Bootstrapping would probably be a feasible and convenient option (I'll give a short example in R at the end of this answer). In general, the asymptotic distribution of the IQR is normal (see page 327 of DasGupta (2011): "Probability for Statistics and Machine learning: Fundamentals and Advanced Topics"). Let $f$ be the density, $F$ the CDF and the population quantile function be $F^{-1}(p)$ of a random variable. Further, let $F^{-1}(p) = \xi_{p}$. Then, the following holds asymptotically: $$ \sqrt{n}\left(\mathrm{IQR} - \left(\xi_{\frac{3}{4}}-\xi_{\frac{1}{4}}\right)\right)\xrightarrow{d} \mathrm{N}\left(0, \frac{1}{16}\left[\frac{3}{f^{2}(\xi_{\frac{3}{4}})}+\frac{3}{f^{2}(\xi_{\frac{1}{4}})}-\frac{2}{f(\xi_{\frac{1}{4}})f(\xi_{\frac{3}{4}})}\right]\right) $$
For iid observations of a normal distribution $\mathrm{N}(\mu, \sigma^{2})$, this result simplifies to: $$ \sqrt{n}\left(\mathrm{IQR} - 1.349\sigma\right)\xrightarrow{d} \mathrm{N}\left(0, 2.476\sigma^{2}\right) $$. So asymptotically, the standard deviation is $1.573\sqrt{\frac{\sigma^{2}}{n}}$.

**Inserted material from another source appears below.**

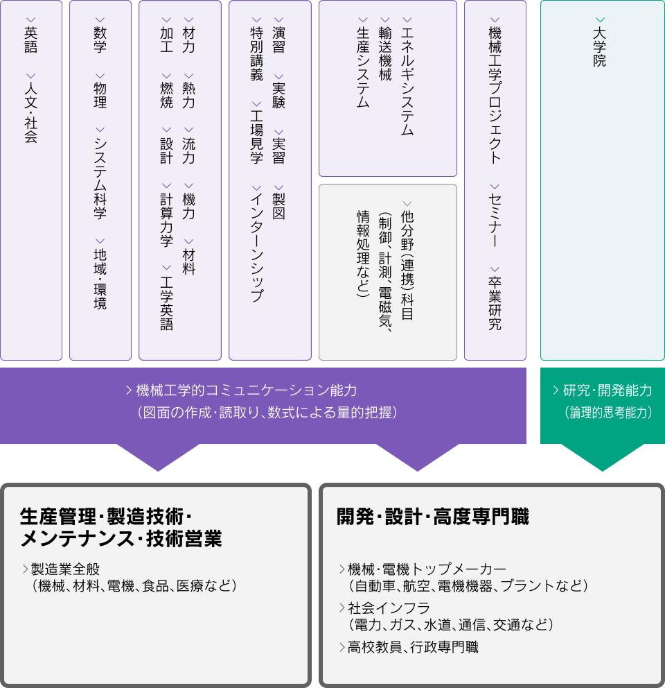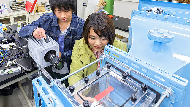 地球資源・エネルギーの有効活用による、人と環境に優しい高度機械システムに関する教育と研究を行います。教育では、機械工学の基礎をなす材料力学、熱力学、流体力学、機械力学を重視し、ものづくりに必要な知識と技術を修得するための授業を行います。また、プロジェクト型授業などを導入し、“機械屋”としてのセンス・実践力を養います。エネルギーシステム、輸送機械、生産システムを対象に社会での機械と人間の役割・責任分担を理解し、システム思考によって個々の専門分野の有機的結合を行います。そして、問題発見・解決型実践的学習を通して、地域の社会基盤を支える実践的技術者の育成を行います。

Let's illustrate the bootstrap with an example where the population has an exponential distribution.
#-----------------------------------------------------------------------------
# Load packages
#-----------------------------------------------------------------------------
library(boot)
#-----------------------------------------------------------------------------
# Function used for the bootstrap
#-----------------------------------------------------------------------------
iqr.fun <- function(data, indices) {
d <- data[indices]
iqr <- IQR(d)
return(iqr)
}
#-----------------------------------------------------------------------------
# Do the bootstrap with 100000replications
#-----------------------------------------------------------------------------
set.seed(612) # for reproducibility
mysamp <- rexp(100, 1.5) # exponential with rate 1.5
res <- boot(data = mysamp, statistic = iqr.fun, R = 100000)
res
Bootstrap Statistics :
original bias std. error
t1* 0.9985767 -0.01563602 0.1519901
# Confidence intervals
boot.ci(res)
Intervals :
Level Normal Basic
95% ( 0.7163, 1.3121 ) ( 0.8015, 1.4591 )
Level Percentile BCa
95% ( 0.5381, 1.1956 ) ( 0.5301, 1.1940 )
Calculations and Intervals on Original Scale
The bootstrap standard error of the IQR is estimated to be $0.152$ and the 95% bias-corrected confidence interval is $\left(0.5301,\;1.1940\right)$. The theoretical IQR of an exponential distribution with $\lambda = 1.5$ is $\frac{\log{(3)}}{\lambda}\approx 0.7324$ which is well within the calculated confidence interval. The theoretical standard error in the exponential case is $2\sqrt{\frac{2}{3}}\sqrt{\frac{1}{n\lambda^{2}}}\approx 0.1089$.